DN - Defence Notes

PLA theatre commands outlined

8th September 2016 - 10:09 GMT | by Gordon Arthur in Hong Kong


Revealed in late August, the latest reorganisation of the People’s Liberation Army (PLA) will see the abolition of all its group armies (or corps), of which there are currently 18.

While it remains unclear when the group armies will be dissolved, the descriptions below explain the main units and tasks of each joint command.

The theatre commands have been organised so one command should be able to deal with multiple strategic fronts, instead of multiple theatres dealing with one strategic front. The likelihood of mutual support from other theatre commands during localised tensions is thus low, unless a full-scale war broke out.

Eastern Theatre Command

This possesses three group armies: the 1st, 12th and 31st. These are identical to the former Nanjing Military Region (MR), meaning that this command has been least affected by the reorganisation. Its primary mission is to target Taiwan, and this remains the highest priority for the PLA.

Things have thus remained relatively stable along the Taiwan Strait to support this mission.

Southern Theatre Command

This possesses three group armies: the 41st, 42nd and 14th. The first two were originally part of the Guangzhou MR, and added to them is the 14th Group Army from the Chengdu MR. The latter defends Yunnan Province, with Vietnam in its sights across the border. 

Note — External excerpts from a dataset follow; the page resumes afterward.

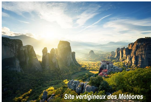
Site vertigineux des Météores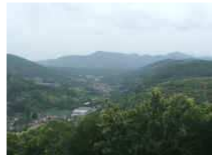
Von der Ramburg ins Trifelsland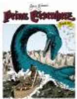
Der Drache des Pilten

However, it is relatively poorly equipped, and is principally motorised rather than mechanised. This command is also responsible for the South China Sea, so naval and amphibious forces are important to its mandate.

Western Theatre Command

This possesses three group armies: the 13th, 47th and 21st. The latter two were originally from the Lanzhou MR. This command guards the troublesome regions of Tibet and Xinjiang, as well as the long border with India. It is the largest command of and it encompasses fully half of China’s land territory. 

Given its size, it is perhaps surprising that it possesses only three group armies. However, added to this figure are ten divisions/brigades of the Tibet and Xinjiang Military Districts.

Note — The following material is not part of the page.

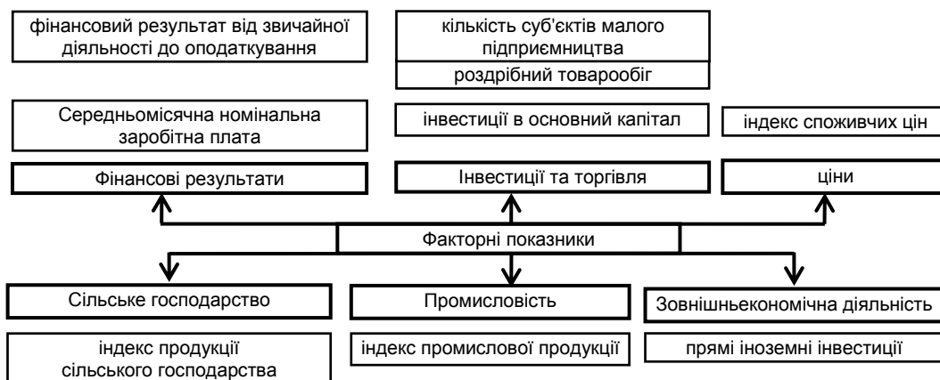
Рис. 1. Групування показників для виділення факторів впливу на обсяги податкових надходжень до бюджету Харківської області

Для проведення ефективної податкової політики необхідно визначати основні фактори, що впливають на результативні показники функціонування податкової системи. Одним із найважливіших завдань є виокремлення серед великої кількості макро- та макроекономічних показників невеликої кількості провідних факторів, що мають безпосередній вплив на функціонування податкової системи держави. На рис. 1 зображено групи факторів, які були обрані для аналізу.

The 13th Group Army, formerly of the Chengdu MR, is much better equipped than the 14th Group Army that was allocated to the Southern Theatre Command. Indeed, it has superior mobility, which is appropriate since it must cover a larger swathe of territory. Its inclusion into this command shows that the Indian frontier is the 14th Group Army’s prime target for any combat operations, while the other two group armies would lend support.

Northern Theatre Command

This possesses four group armies: the 16th, 39th, 40th and 26th. It is responsible for the northern frontier with Russia, Mongolia and the Korean Peninsula. The first three group armies were previously part of the Shenyang MR, while the 26th Group Army was added from the Jinan MR. 

Jinan used to form the PLA’s strategic reserve, so adding this formation makes sense, especially given the troubled relationship that has developed with North Korea due to its bellicose behaviour and insistence on pursuing nuclear weapons.

Central Theatre Command

This possesses five group armies: the 38th, 54th, 27th, 65th and 20th. The 20th and 54th were from the old Jinan MR, while the others came from the Beijing MR. This theatre command is the largest and most powerful, making it the strategic reserve of the PLA. Furthermore, two of these armies (the 38th and 54th) are considered the PLA’s trump units.

The need for such a large Central Theatre Command, of which one duty is to protect the capital, perhaps reflects the communist party’s sense of political vulnerability. It also reveals old-fashioned thinking. 

The whole idea of creating new theatre commands was so they could look after their own strategic spheres. What then is the purpose of such a monstrous strategic reserve?